Perhaps one of the most essential elements of the tension between one and many is the title’s reference to ghosts. As Eve Tuck and C. Ree write in their essay A Glossary of Haunting, “haunting is the cost of subjugation. It is the price paid for violence, for genocide.”12 A Glossary of Haunting is written about ghosts in relation to decolonization, specifically from a Native American perspective. But the ghostly consequences of atrocity and violence can be applied to Ondaatje’s novel, as well. Although there are no literal ghosts in the book, there are many metaphorical ghosts. Throughout, there are descriptions of dead bodies without identity, of missing people who may or may not match them. The novel opens on Anil’s previous work in Guatemala, where she and her forensic team traveled through the western highlands after the civil war, digging up bodies for families to identify. For those families, “there was always the fear, double-edged, that it was their son in the pit, or that it was not their son––which meant there would be further searching…The possibility of their lost son was everywhere.”13 That possibility is a haunting. Every character in Anil’s Ghost has lost someone to the war, and such as the case of Ananda, many are left without a body to bury or identify. Gamini is further haunted by the hundreds of bodies he works with as a doctor, the lives he couldn’t save no matter how much he sacrificed. Ghosts are everywhere around them. 

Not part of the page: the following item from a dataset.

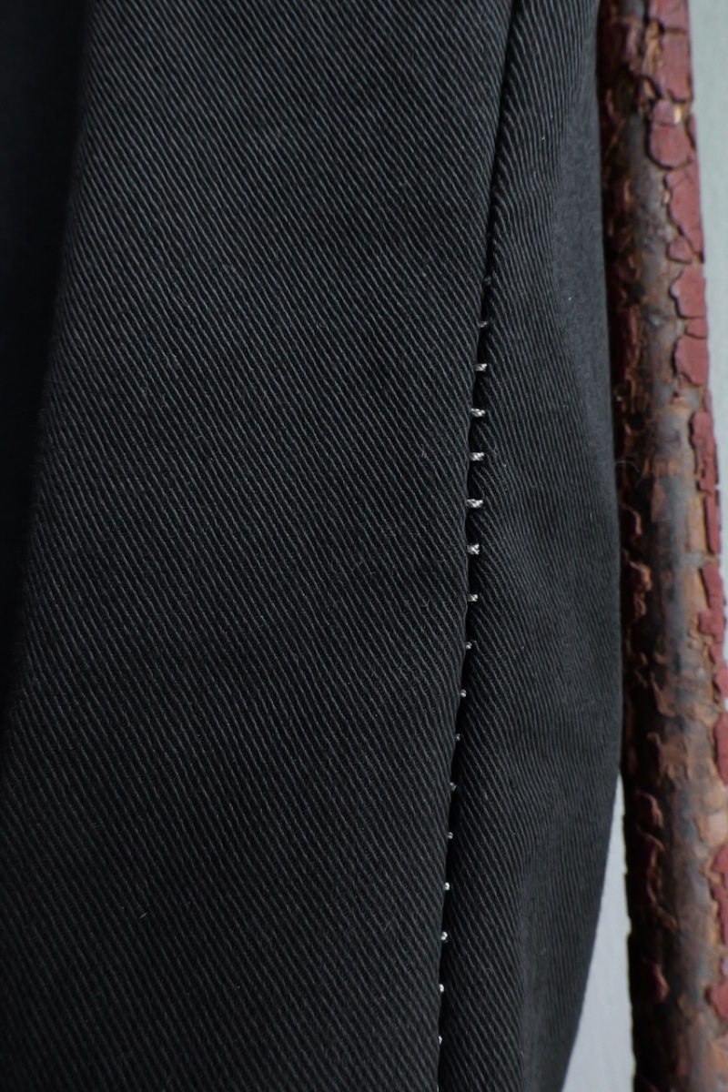 縫い目の一部にオーバーロックステッチを採用しているので、着用すると縫い目が開き

In A Glossary of Haunting, it is established one of the main reasons ghosts haunt is to demand recognition for their lives as well as their deaths. A death that leaves a person’s body disfigured beyond recognition, buried somewhere to hide it from family and any chance of justice, erases the individual in a harrowing way. It is this very “erasure and defacement” that “concoct ghosts.”14 When a ghost comes back to haunt, it demands to be seen and forces those who it haunts to witness its pain. This is a way for someone who was lost in the many to manifest individuality. 

One individual ghost the novel focuses on is Sailor. Anil becomes obsessed with Sailor as the story unfolds, treating his skeleton as though there was still a person attached to it. While Ananda worked on replicating Sailor’s face, Anil would “lift Sailor into her arms, to remind herself that he was like her. Not just evidence, but someone with charms and flaws, part of a family, a member of a village.”15 Her goal is to find the identity of the skeleton––to prove who he was as an individual. This is an extension of her obsession with individuality; she believes that to solve the greater problem of government sanctioned violence, she must prove the individual experience of one skeleton. 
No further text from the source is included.